If we separate the keyword nodes from the webpage nodes, we have a typical “bipartite graph.” The characteristic of a bipartite graph is that nodes within the same edge are not connected (e.g., there is no connection between keywords), and all connections occur between nodes in different edges (keywords and webpages).

The clustering problem of bipartite graphs is a classic problem in machine learning. Many researchers have attempted to use clustering techniques on bipartite graphs to mine synonyms for query keywords. I have listed a few references at the end, such as Reference [2], which uses “random walk” on a bipartite graph and the “hitting time” generated by random walk to mine similar keywords. If you’re interested, you can check out this classic paper.

After discussing the approach based on user behavior information and keyword mining, let’s take a look at the second approach.

The core of the second approach is to analyze the relevance between words from a massive amount of text information. It’s important to note that the relevance between these words may arise from language itself. For example, the word “Male” and “Man.” It could also be contextual, such as discussing “iPhone 6” and “iPhone 7” in webpages about smartphones.

The idea behind this approach is to create a “representation” for each word group in order to find synonyms through this representation. A popular approach in recent years is to find numerical representations for words, commonly referred to as “embeddings.” If two words are close in an “embedding space,” typically a “Euclidean space,” we can consider them as synonymous.

How can we generate “embedding” vectors for word groups? There are various approaches. One commonly used algorithm is Word2Vec (see Reference [3]), which aims to predict the probability of a word appearing based on the surrounding words in a sentence of a document. Imagine in numerous help documents or websites discussing Apple iPhones, the phrases describing how to back up data for iPhone 6 or iPhone 7 are similar, and the only difference may be the model names.

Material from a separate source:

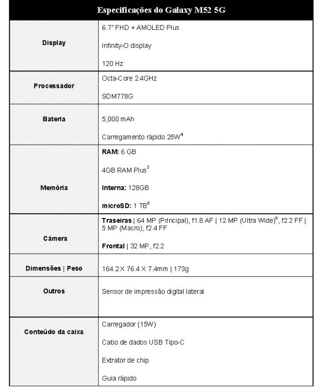 O Galaxy M52 5G chega ao Brasil nesta quinta-feira, 28 de outubro, nas cores Preta e Branca9. Ele é vendido exclusivamente na loja online da Samsung com o preço sugerido de R$3.499. Consulte o valor do produto no site shop.samsung.com/br.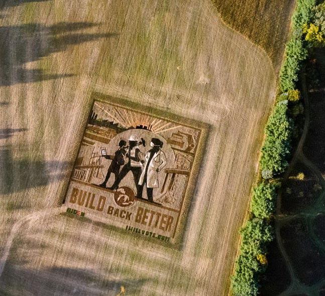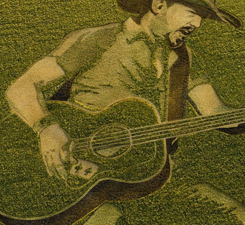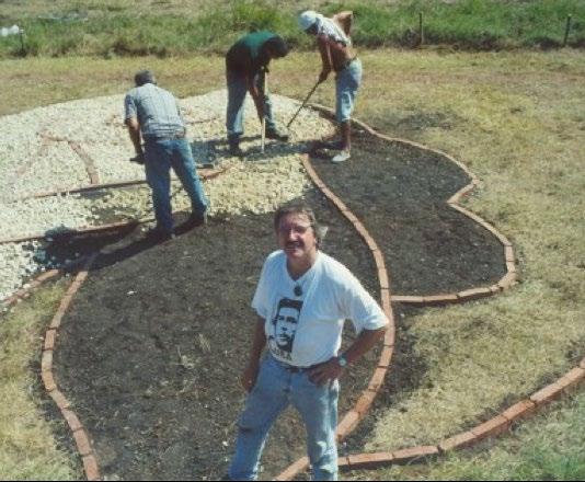 College students, brothers, artists, and three homeless men worked the summer away planting squash, cucumbers, tomatoes, soybeans, corn, and grass along side rocks, mulch, found materials and flowers to coax out the earthwork. The Image, in the undulating style of Tom Benton, depicted a country road leading out of the pristine Kansas landscape of my youth, juxtaposed against the steel and concrete canyons of Manhattan Island.“

Therefore, in such cases, learning the “embedding vectors” of words through the “contextual information” around the text can effectively capture the semantics of words. And through semantics, we can identify other synonymous words. Of course, to apply this to query keyword expansion, additional adjustments may be required, as mentioned in one of the references listed at the end [4]. If you’re interested, I recommend reading that paper in detail.

Finally, I need to point out that the first approach requires a significant amount of user interaction data, while the second approach can be learned from other corpora (e.g., Wikipedia) without the need for user data. This is another valuable point to consider.

Summary #

Today I talked to you about the problem of query keyword expansion in understanding query keywords. As you can see, there are two technical approaches to query keyword expansion. One is to generate a graph based on user interaction data and use graph mining techniques to obtain relationships between query keywords. The other is to generate word embedding vectors to obtain synonyms.

Let’s review the key points together: First, a brief introduction to the connotation of query keyword expansion. Due to the insufficient information of user input query keywords, query keyword expansion can provide a better user experience and more accurate search results. Second, a detailed introduction to the two main technologies of query keyword expansion.

Finally, I leave you with a question to ponder: How can we test the pros and cons of query keyword expansion?

References

  1. Claudio Carpineto and Giovanni Romano. A Survey of Automatic Query Expansion in Information Retrieval. ACM Computing Surveys. 44, 1, Article 1 (January 2012), 50 pages. 2012.
  2. Qiaozhu Mei, Dengyong Zhou, and Kenneth Church. Query suggestion using hitting time. Proceedings of the 17th ACM conference on Information and knowledge management (CIKM ‘08). ACM, New York, NY, USA, 469-478. 2008.
  3. Mikolov, Tomas, Kai Chen, Greg Corrado, and Jeffrey Dean. Efficient estimation of word representations in vector space. arXiv preprint arXiv:1301.3781 (2013).
  4. Diaz, Fernando, Bhaskar Mitra, and Nick Craswell. Query expansion with locally-trained word embeddings. arXiv preprint arXiv:1605.07891 (2016).